Violinist Nicola Benedetti has been named the next director of the Edinburgh International Festival, becoming both the first woman and the first Scot to take on this prestigious role.
The musician, who started taking violin lessons at the age of four, said she was “deeply honoured” by the nomination.
The Grammy and Brit Award-winning violinist will succeed Fergus Linehan, who has been in the role for eight years.
Benedetti, 34, born in Irvine, now becomes designated director of the festival, before officially becoming its director on October 1.
She said: “This festival was founded on principles of reconciliation and the ideals of art transcending political and cultural divide.

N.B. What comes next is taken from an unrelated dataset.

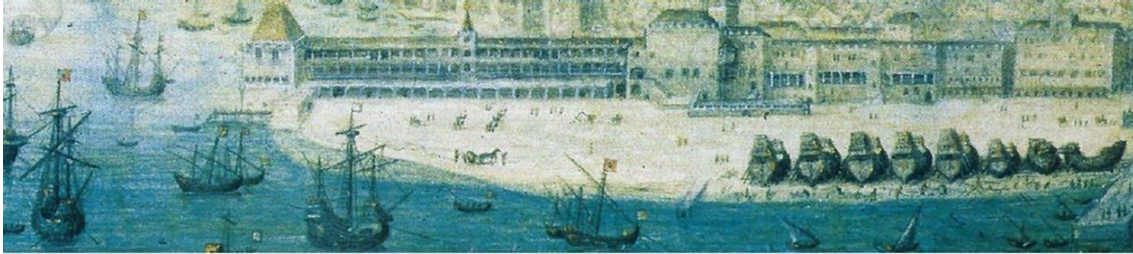
Figura 10 – Paço da Ribeira, em Lisboa. Livro de Horas dito de D. Manuel , atribuído a António de Holanda, 1517 - 1551. Lisboa, Museu Nacional de Arte Antiga N.º de Inv. 14/fl. 25v.

longa varanda, obrigou a um rebatimento horizontal, ou planificação das frentes construídas em ângulo recto 35 . No martírio, ao contrário, um só plano surge dobrado duas vezes, assim configurando as três frentes do terreiro em U.

“Following in the footsteps of the wonderful achievements of Fergus Linehan and his predecessors, I will uphold these values and look forward to serving this festival, its mission of cultural exchange and the people of Scotland.”
Keith Skeoch, chairman of the festival’s board, said it was “such a pleasure to welcome Ms Benedetti as the first female and first Scottish director of the Edinburgh International Festival“.
He added: “In many ways it captures the spirit of this festival; internationally recognized and respected but Scottish at heart, it is dedicated to promoting world-class musical creation and innovating new ways to present it to audiences.
Scottish First Minister Nicola Sturgeon, also born in Irvine, welcomed the appointment.
She said: “The Edinburgh International Festival is renowned around the world for its excellent work in bringing together world-renowned artists, celebrating the performing arts and promoting Scotland’s rich culture and heritage to audiences. international.
“I’m sure people across the country are looking forward to supporting the full return of the festival in person after two years and to welcoming visitors and performers from around the world to Scotland.”
Nicola’s father, Gio Benedetti, retired in 2013 after 50 years in the business, selling first aid kit maker Wallace Cameron, which employed 80 people in Wishaw.
The Italian-born Scotsman, based in West Kilbride, had an empire which at its peak spanned six businesses employing 800 people and grossing around £50million.
His first contract saw him sell the dry cleaning business he started aged 18, eight years after arriving in Irvine, to Initial for around £30million at today’s prices today.
He used the capital to buy a paper mill in Birmingham, which he later sold for £9.5million, and a stretch film maker in Shropshire, sold in 2007 for £21million to a management buy. -out run by Benedetti himself and Wallace Cameron, that he moved from Glasgow to Wishaw.